Brussels wants to introduce continent-wide renewable power trading, which would save “billions of euros,” according to an energy policy paper prepared by the commission, German newspaper Die Welt reports.
European Energy Commissioner Guenther Oettinger also shoots for a body-wide renewable energy financing scheme that would take into account regional climate differences, the newspaper writes. The scheme, possibly based on certificates, would foresee the construction of offshore wind power units in the North Sea and solar power plants in southern Europe, where the sun is abundant.
While such a plan sounds reasonable, green powerhouse Germany is against it. Observers say Berlin fears the demise of its domestic market.
Thanks to a generous national feed-in-tariff for renewables, the so-called EEG, Germany has built the world’s largest solar power market when it comes to installed capacity and the third-largest wind power market behind the United States and China.
While Germany is relatively windy at the coast, the thousands of domestic solar power units would work much more efficiently in sunnier regions – for example in southern Italy, Spain or Greece.
As the German renewable energy sector has developed into a major industry – it employs around 300,000 people – Berlin is eager to keep domestic demand booming.
Yet this strategy is proving increasingly costly for German taxpayers. They’re funding the feed-in-tariff, which is guaranteed for 20 years, via their electricity bills.

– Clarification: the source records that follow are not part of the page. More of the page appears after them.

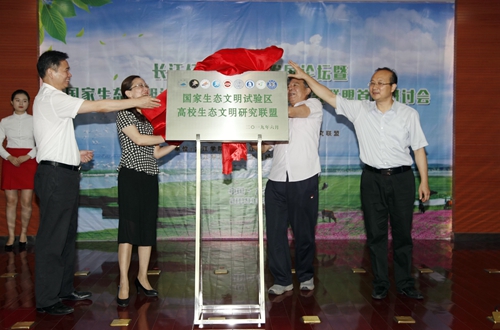 江西省生态文明办专职副主任刘兵为联盟理事长单位我校江西长江经济带研究院授牌。
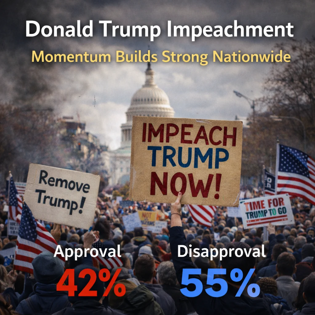 Donald Trump Impeachment as the United States barrels toward the 2026 midterm election. The political landscape is intensifying with historic protests, sharp declines. In public support for President Donald Trump, and renewed talk of impeachment. All against the backdrop of deep national polarization and fierce congressional battles.
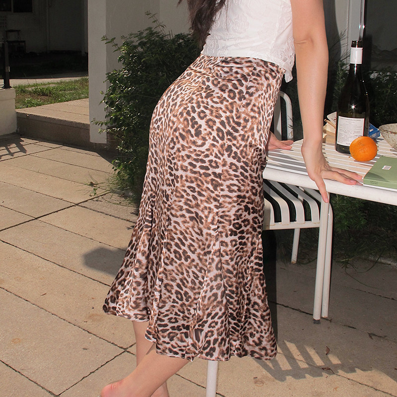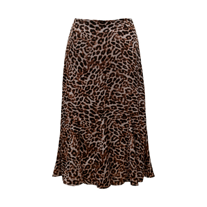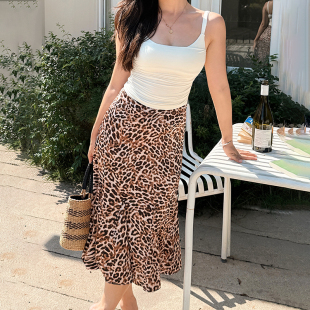 高腰显瘦a字伞裙 多裁片缎面豹纹印花半身裙女新款 ooh itch痒痒
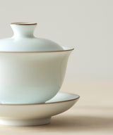 Each gaiwan and tea cup is hand thrown on the potter’s wheel. The glazes are applied by hand to the ceramic body both on the interior and exterior, and fired in the kiln at high temperatures exceeding 1300°C.
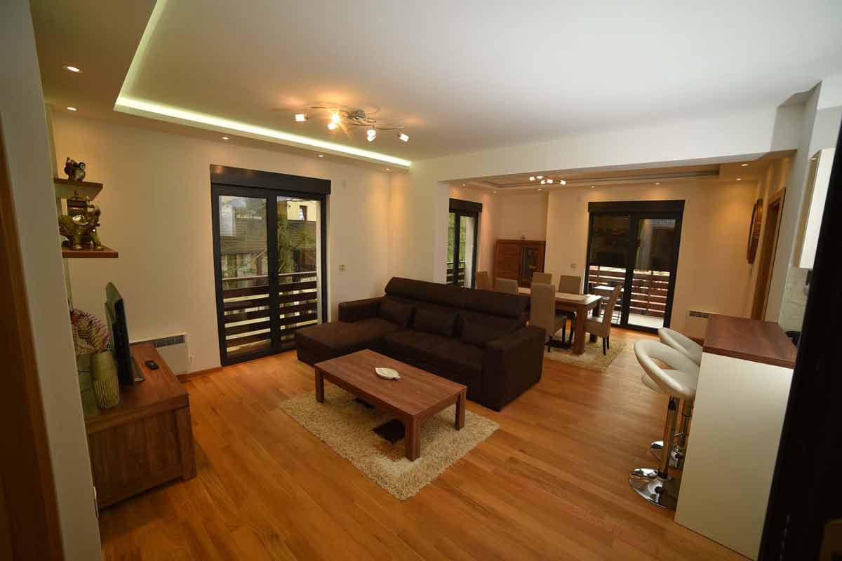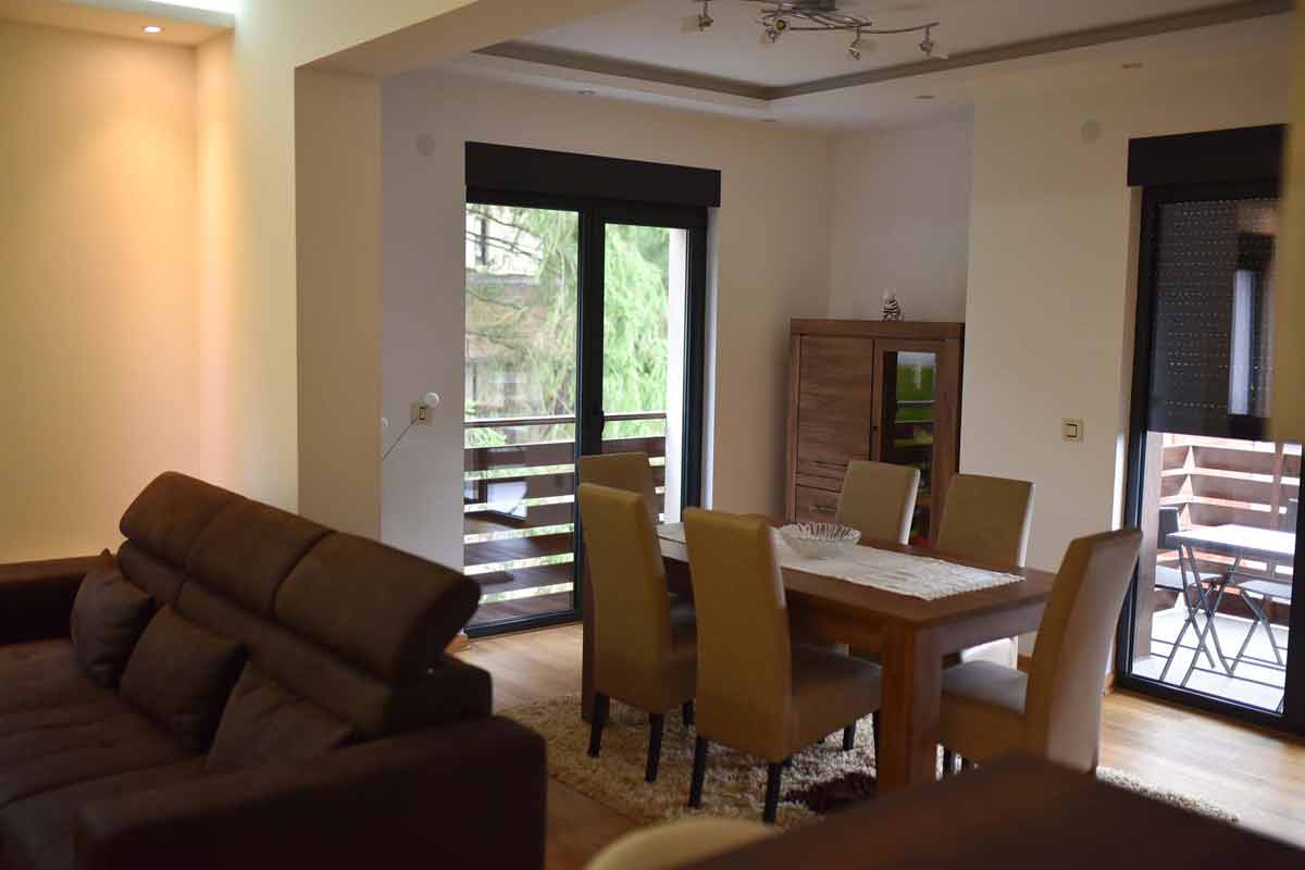 Sa 66 m² pažljivo organizovanog prostora, apartman je idealan za porodice, parove i grupe do 6 gostiju. Veliki dnevni boravak okupan prirodnim svetlom vodi na terasu sa koje se pruža pogled na zelenilo – savršeno mesto za jutarnju kafu ili večernji odmor. Trpezarijski deo je prostran, sa velikim drvenim stolom i elegantnim stolicama, dok je kuhinja potpuno opremljena za kratke i duže boravke.
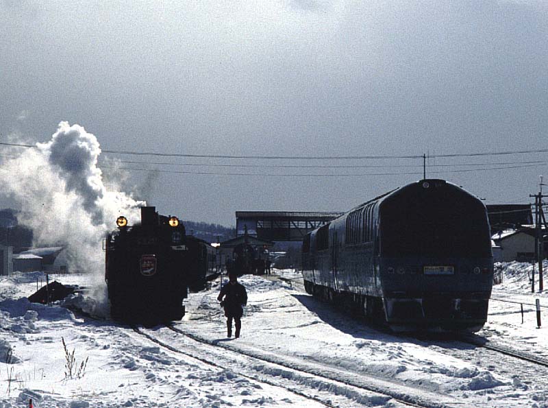 給水を終え、火床を均した後ちしばし佇むC11の隣に釧路行き快速「摩周」が入線した。 標茶駅 2001.02.20
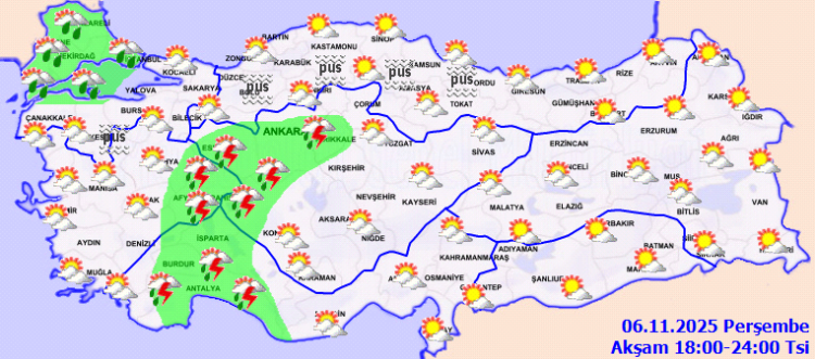 06.11.2025 - Perşembe 08:31Marmara’nın batısı, İç Ege, Batı Akdeniz ve İç Anadolu’nun batısında sağanak yağış beklenirken, sıcaklıklar mevsim normallerinin üzerinde seyredecek.
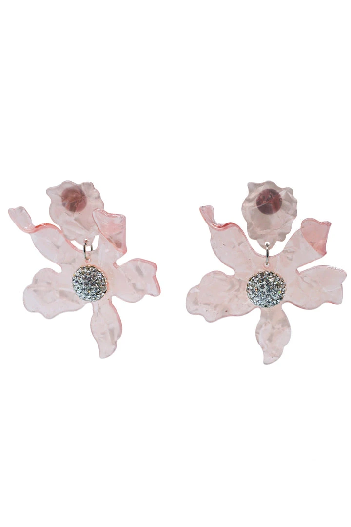If you love a good statement earring, the Luna Flower Earrings are perfect for you! Featuring gold hardware with a pink acrylic flower and tiny sparkling diamanté detailing in the center.

Payments from the EEG will rise to $11.3 billion by the end of this year, up from $7.3 billion in 2009, the German Association of the Energy and Water Industries, an energy industry lobbying group warned earlier this year.
Well aware that the industry is maturing more quickly than anticipated, Berlin this spring agreed to reduce subsidies for rooftop panels by 16 percent but the German solar power boom has continued. Experts forecast up to 8 gigawatts of installations this year, that’s equivalent to four large nuclear power plants.
German consumer association VZBV said solar panels installed in Germany in 2010 will result in additional costs of more than $30 billion during the next 20 years. The EU’s plan to regulate financing body-wide could slash costs considerably, Brussels says.
The commission is also warming up to trans-continent energy connections such as Desertec, a multibillion-euro business initiative aimed at powering Africa’s as well as Europe’s homes with green electricity generated in deserts in Africa and the Middle East.
Desertec could contribute to the EU targets to reduce the body’s greenhouse gas emissions by 20 percent, increase renewable energy by 20 percent and improve efficiency – all by 2020.